REQUIRED WORK:
Write out an exact copy of the line with "Жакет свободного силуэта" and of each line after it, through the end of the records below.

++++ RECORDS FOR THE TASK ++++

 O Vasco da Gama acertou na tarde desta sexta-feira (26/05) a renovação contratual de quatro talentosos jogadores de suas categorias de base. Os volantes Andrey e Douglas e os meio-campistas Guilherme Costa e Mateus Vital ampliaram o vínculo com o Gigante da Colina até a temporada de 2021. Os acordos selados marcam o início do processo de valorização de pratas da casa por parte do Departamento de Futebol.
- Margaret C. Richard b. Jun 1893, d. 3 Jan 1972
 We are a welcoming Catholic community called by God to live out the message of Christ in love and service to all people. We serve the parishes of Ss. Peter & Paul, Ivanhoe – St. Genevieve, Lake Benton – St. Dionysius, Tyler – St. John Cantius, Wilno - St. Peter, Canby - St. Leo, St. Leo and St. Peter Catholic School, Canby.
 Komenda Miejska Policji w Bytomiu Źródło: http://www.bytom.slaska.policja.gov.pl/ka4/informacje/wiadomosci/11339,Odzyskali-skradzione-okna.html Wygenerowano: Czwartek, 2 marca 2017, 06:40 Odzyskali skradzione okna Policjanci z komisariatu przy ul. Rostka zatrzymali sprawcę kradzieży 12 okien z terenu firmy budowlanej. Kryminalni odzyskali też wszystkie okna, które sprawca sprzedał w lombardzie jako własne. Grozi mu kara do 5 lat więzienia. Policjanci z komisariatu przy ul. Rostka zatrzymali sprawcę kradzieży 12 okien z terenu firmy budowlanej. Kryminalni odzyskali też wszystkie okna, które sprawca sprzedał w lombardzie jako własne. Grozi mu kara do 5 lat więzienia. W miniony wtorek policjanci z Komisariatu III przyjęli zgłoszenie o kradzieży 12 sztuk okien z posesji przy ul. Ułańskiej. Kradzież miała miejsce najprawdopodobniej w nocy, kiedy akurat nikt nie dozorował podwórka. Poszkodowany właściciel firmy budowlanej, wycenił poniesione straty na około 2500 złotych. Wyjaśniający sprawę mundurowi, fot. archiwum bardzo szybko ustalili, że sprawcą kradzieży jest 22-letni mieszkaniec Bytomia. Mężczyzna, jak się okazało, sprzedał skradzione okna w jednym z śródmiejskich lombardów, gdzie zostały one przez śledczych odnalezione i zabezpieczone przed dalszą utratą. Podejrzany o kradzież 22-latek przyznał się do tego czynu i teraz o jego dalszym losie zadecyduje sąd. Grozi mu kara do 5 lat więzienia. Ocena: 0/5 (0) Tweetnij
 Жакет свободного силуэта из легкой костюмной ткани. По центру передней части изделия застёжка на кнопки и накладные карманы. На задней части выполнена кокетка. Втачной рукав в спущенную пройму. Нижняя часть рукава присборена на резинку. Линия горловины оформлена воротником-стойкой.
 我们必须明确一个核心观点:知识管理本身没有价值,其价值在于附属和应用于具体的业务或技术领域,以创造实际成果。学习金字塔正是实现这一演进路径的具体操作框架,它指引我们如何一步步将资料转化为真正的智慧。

++++

ANSWER FOR THE TASK:
 Жакет свободного силуэта из легкой костюмной ткани. По центру передней части изделия застёжка на кнопки и накладные карманы. На задней части выполнена кокетка. Втачной рукав в спущенную пройму. Нижняя часть рукава присборена на резинку. Линия горловины оформлена воротником-стойкой.
 我们必须明确一个核心观点:知识管理本身没有价值,其价值在于附属和应用于具体的业务或技术领域,以创造实际成果。学习金字塔正是实现这一演进路径的具体操作框架,它指引我们如何一步步将资料转化为真正的智慧。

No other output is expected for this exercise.